Months have passed, I've kinda developed this unwanted character of being too sensitive over small things.. thinking too much over small incidents, getting pissed or emo over some friendly teasing and actions. Thoughts randomly appearing in my mind, burdening me with my negative interpretation of things.
Probably I'm feeling insecure or weak..well I don't like this feeling.. anyone wouldn't like this feeling. The feeling of being in a position where you can lose everything in a blink of an eye. Thats probably why I work so hard spend so much time to maintain what I have now.. but I'm getting tired..really tired of of trying..tired of worrying..
I really wonder at times whether my efforts and sacrifices were worth it.. coz I don't see any rewards and improvements. Like a phrase I once read " Whatsoever a man soweth, that shall he also reap " (Galatians IV). The truth of the phrase is undeniable but I can't definitely say if it applies to me coz efforts that I have made has ended up in frustrations.

Thursday, June 21, 2007

Dim lights

Dimmed lights.. cold winds slapping my face, an endless stream of thoughts swirling up. Thoughts of the past, present and future making its silent greetings. A stark reminder of the journey ahead.
My mind is in doubt, my spirit in agony, my body in pain.

Friday, June 15, 2007

Good link

http://www.michaelooi.net/

my gawd this guy is fuckin hillarious

Thursday, June 14, 2007

don't know what went wrong..

A new day begins, a glorious beam of life shone upon me.
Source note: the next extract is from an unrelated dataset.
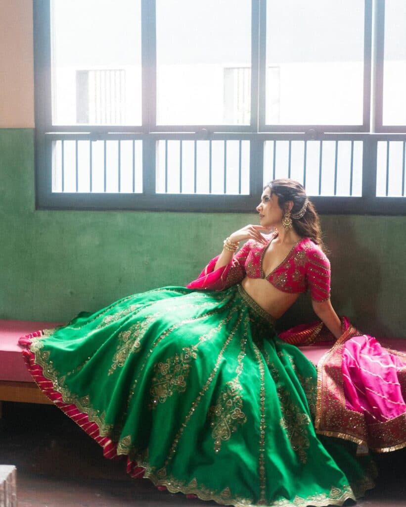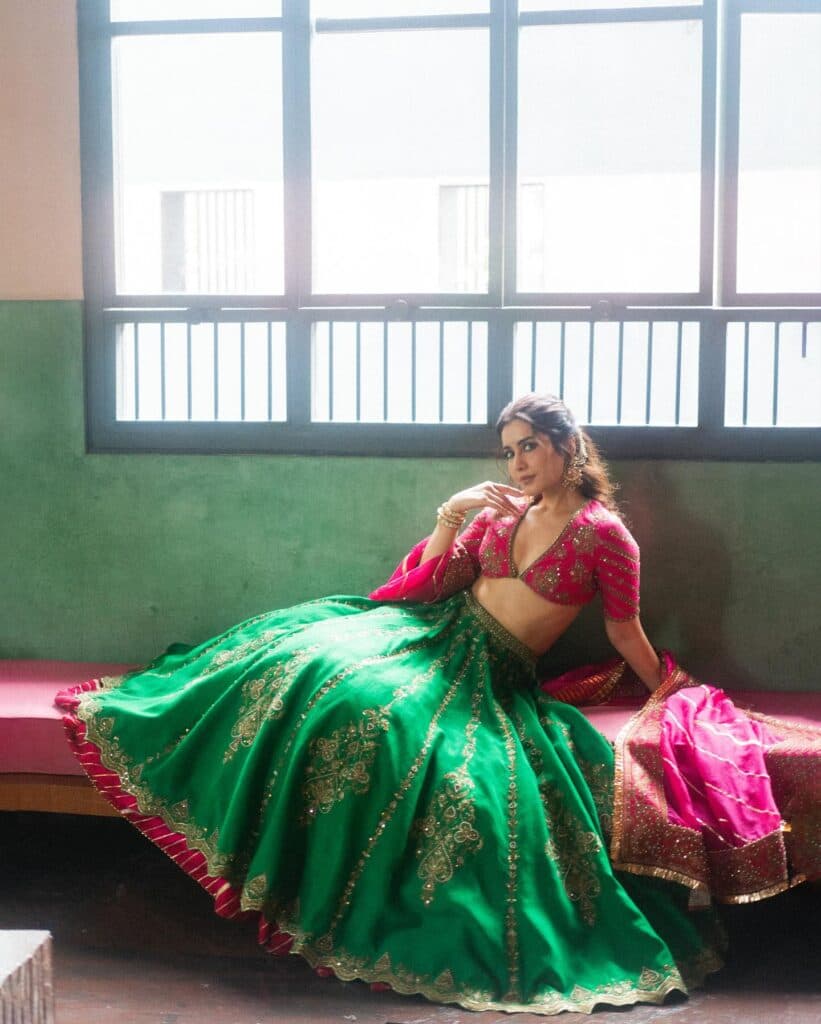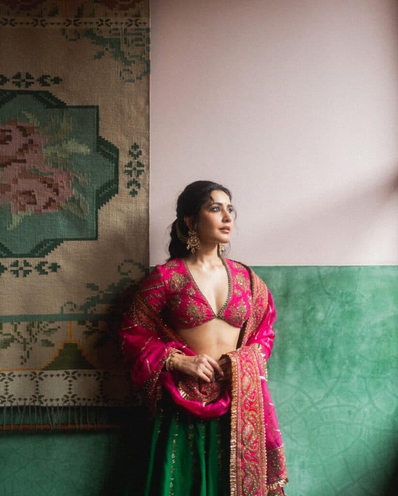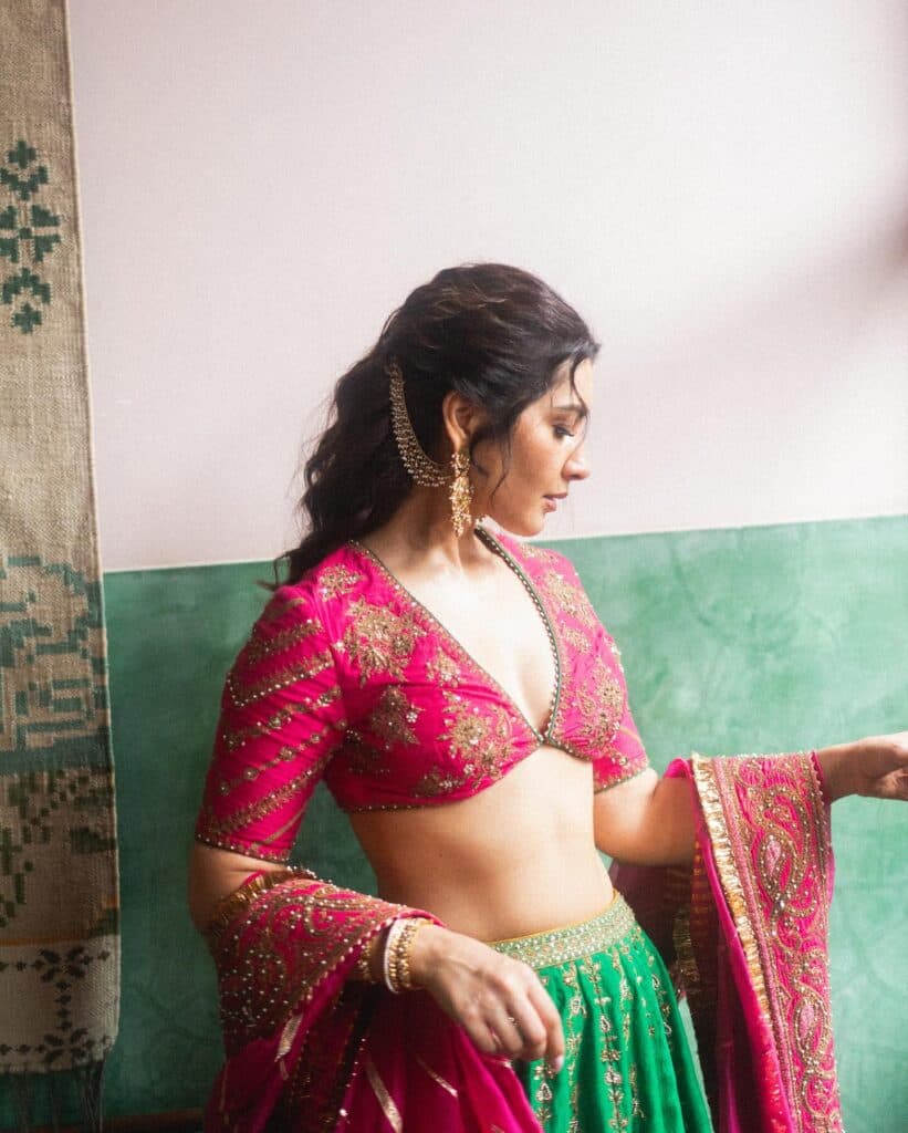Raashi Khanna poses like a living masterpiece, sunlight gently caressing her skin as the balcony transforms into her personal stage. Her pink blouse, cut in a stylish bralette design, radiates boldness and modern charm, while the meticulously stitched fitted sleeves retain a touch of traditional elegance. The ensemble strikes a perfect balance, making her look simultaneously playful, confident, and effortlessly graceful.

Envisioning a great adventure ahead, I rise. I rise to the many challenges ahead of me. I rise to the fate that I acknowledge and accept.
A journey full of perils await me. Dark clouds begin to amass with each step I take. A moist wind envelops me, giving hints of an oncoming storm. Gathering my pace, I hurry to the station, a mere stop to my true destination. Birds flock in a chaotic mess of directions, a glimpse of lightning, a sound of thunder marked the start of what would be a tribulation that I will come to face and endure for the rest of the diurnal course.
A watery outburst pours upon me. Drenched to the bones, my spirit dwindles. Hoping and praying for a glimmer of hope. I persevered. Eventually the bus arrived, cold jets of air from the air-condition didn't really help in alleviating my condition.
Ultimately, I arrived at my true destination. My soul revitalized with the sight of my dearest dame. Oblivious to the passing hours, I relish to the fact that I'm right beside her. Having her in my arms. A feeling unparalleled by anything existing in this world.
A harbinger of grief arrives. With incomparable ease he ruin my single moment of happiness. Loneliness sweeping up from the dark cold depths, inviting what seems to be a troubling and heavy feeling of despair.
And so..my day ends with..a feverish body.. a troubled mind..

Monday, June 04, 2007

Addiction

I have a confession.

I have an addiction.

Why... why are u so tempting?...ugh..

Never ever thought I would start..

Not in a right mind would i have ever thought about it..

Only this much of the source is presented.